Notwithstanding the provisions of this Agreement, Provider retains the right to use and disclose aggregated and De-Identified Data in any manner. “De-Identified Data” means information (or any portion thereof) that has been the subject of reasonable efforts to de-identify, aggregate and/or anonymize such data with the result that no individual, entity or particular Record can be identified, such that it is no longer Personal Information as defined in Applicable Privacy Laws.

Provider will appoint a Privacy Representative and such person will have sufficient authority to make decisions and execute documents on behalf of Provider as may be required from time to time for the administration of this Agreement. Provider shall promptly provide Client the name and contact details of its Privacy Representative and shall notify Client of any change of its Privacy Representative.

Provider will provide Client with prompt written notice of any actual or anticipated Material Breach, including full particulars of such breach.

Provider will cooperate with Client in preventing the occurrence or recurrence of any breach of this Agreement or Applicable Privacy Law, including, if requested to do so: by preparing a written proposal to address or prevent further occurrences within Provider’s systems.

Upon reasonable request by Client, Provider will provide information to a Commissioner pertaining to Provider’s handling of Personal Information demonstrating that Provider is compliant with this Agreement, the Agreement and Applicable Privacy Law, including:

• Provider’s privacy policy; and
• information regarding any complaints against Provider to a Commissioner.

Provider will reasonably cooperate at Client’s cost with Client in the event of any audit, investigation, inquiry, complaint, suit or other legal proceeding regarding any actual or alleged breach of Applicable Privacy Law or this Agreement, for a Material Breach.

Notwithstanding anything in the Agreement to the contrary, Provider and Client hereby agree that a Material Breach by Provider will give rise to a right on the part of Client to terminate the Agreement immediately upon written notice.

Except as otherwise specified in the Agreement, Provider will retain the Personal Information and Records until it is provided with a written direction from Client regarding its return or destruction.

Upon the expiry or earlier termination of the Agreement or, at any time upon the written request of Client, Provider will promptly:

• return or deliver all Records, including any copies thereof, to Client; or
• destroy, according to Client`s instructions, all documents or other Records, including any copies thereof, in any form or format whatsoever in Provider’s possession constituting or based upon Personal Information.

After a request is made under this Section, Provider will not retain any Records for any purpose without the prior written consent of Client. If, for any reason, Provider fails to return or destroy any Record in accordance with this Section, Provider’s obligations pursuant to this Agreement will continue in full force and effect.

The parties acknowledge and agree that either party may disclose the Agreement or portions thereof as may be required pursuant to Applicable Privacy Law.

If a provision of this Agreement or the Agreement conflicts with a requirement of Applicable Privacy Law, the conflicting provision of the Agreement (or direction) will be inoperative to the extent of the conflict.

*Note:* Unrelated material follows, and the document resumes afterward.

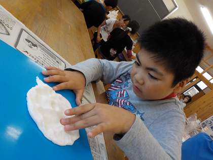 図画工作科の時間にペットボトルと粘土をつかった作品を作っています。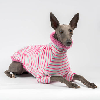 This fluffy reversible sweater is perfect for chilly strolls, lazy lounges, or layering up. Soft, warm, and contoured to fit your Whippet’s body—two looks in one, comfort all day.

Unless otherwise expressly provided in the Agreement, if a provision of this Agreement is inconsistent or conflicts with a provision of the Agreement, the conflicting or inconsistent provision in the Agreement will be inoperative to the extent of the conflict.

Provider’s obligations under this Agreement will continue despite the expiry or earlier termination of the Agreement until such time as the Personal Information and Records are returned to Client or securely destroyed in accordance with this Agreement.